━━ Extracted entries ━━
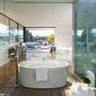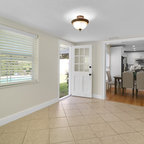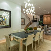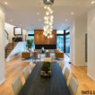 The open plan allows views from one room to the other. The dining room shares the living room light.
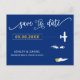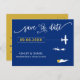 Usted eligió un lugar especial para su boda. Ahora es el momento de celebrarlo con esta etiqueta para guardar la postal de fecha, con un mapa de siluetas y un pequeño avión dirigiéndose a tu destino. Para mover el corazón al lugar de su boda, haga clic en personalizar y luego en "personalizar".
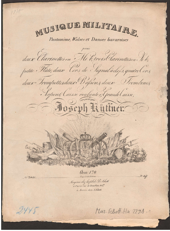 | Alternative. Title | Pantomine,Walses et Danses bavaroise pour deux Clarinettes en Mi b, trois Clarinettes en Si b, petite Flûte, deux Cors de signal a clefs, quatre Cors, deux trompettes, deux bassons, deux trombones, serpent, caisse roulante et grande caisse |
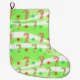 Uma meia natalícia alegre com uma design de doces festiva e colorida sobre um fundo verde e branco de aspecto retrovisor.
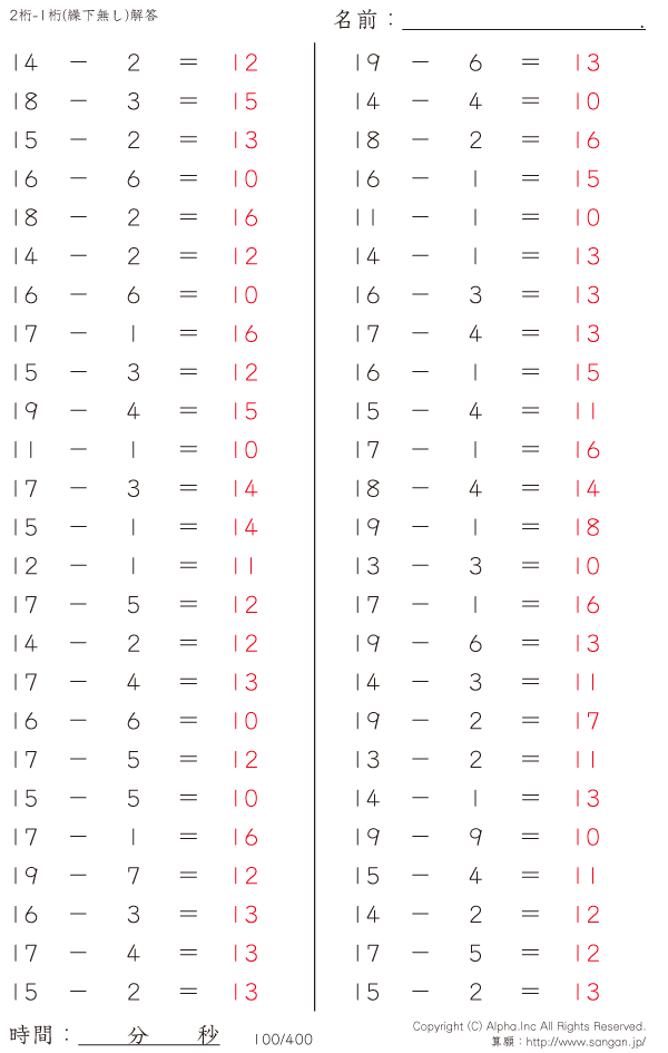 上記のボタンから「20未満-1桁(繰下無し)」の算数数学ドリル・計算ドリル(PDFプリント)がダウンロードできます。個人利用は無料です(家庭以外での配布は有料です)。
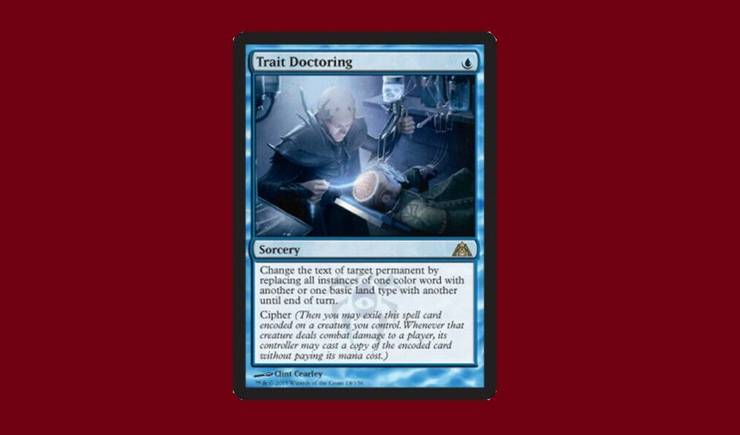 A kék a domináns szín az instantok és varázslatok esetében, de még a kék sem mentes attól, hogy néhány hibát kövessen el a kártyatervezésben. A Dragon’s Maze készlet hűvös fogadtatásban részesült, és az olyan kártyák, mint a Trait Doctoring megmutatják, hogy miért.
━━━
• [What you should do] All pictures should be dropped; the lines from the one containing "Uma meia natalícia" through the last line of the material are to be set down exactly.

• [Worked solution]
 Uma meia natalícia alegre com uma design de doces festiva e colorida sobre um fundo verde e branco de aspecto retrovisor.
 上記のボタンから「20未満-1桁(繰下無し)」の算数数学ドリル・計算ドリル(PDFプリント)がダウンロードできます。個人利用は無料です(家庭以外での配布は有料です)。
 A kék a domináns szín az instantok és varázslatok esetében, de még a kék sem mentes attól, hogy néhány hibát kövessen el a kártyatervezésben. A Dragon’s Maze készlet hűvös fogadtatásban részesült, és az olyan kártyák, mint a Trait Doctoring megmutatják, hogy miért.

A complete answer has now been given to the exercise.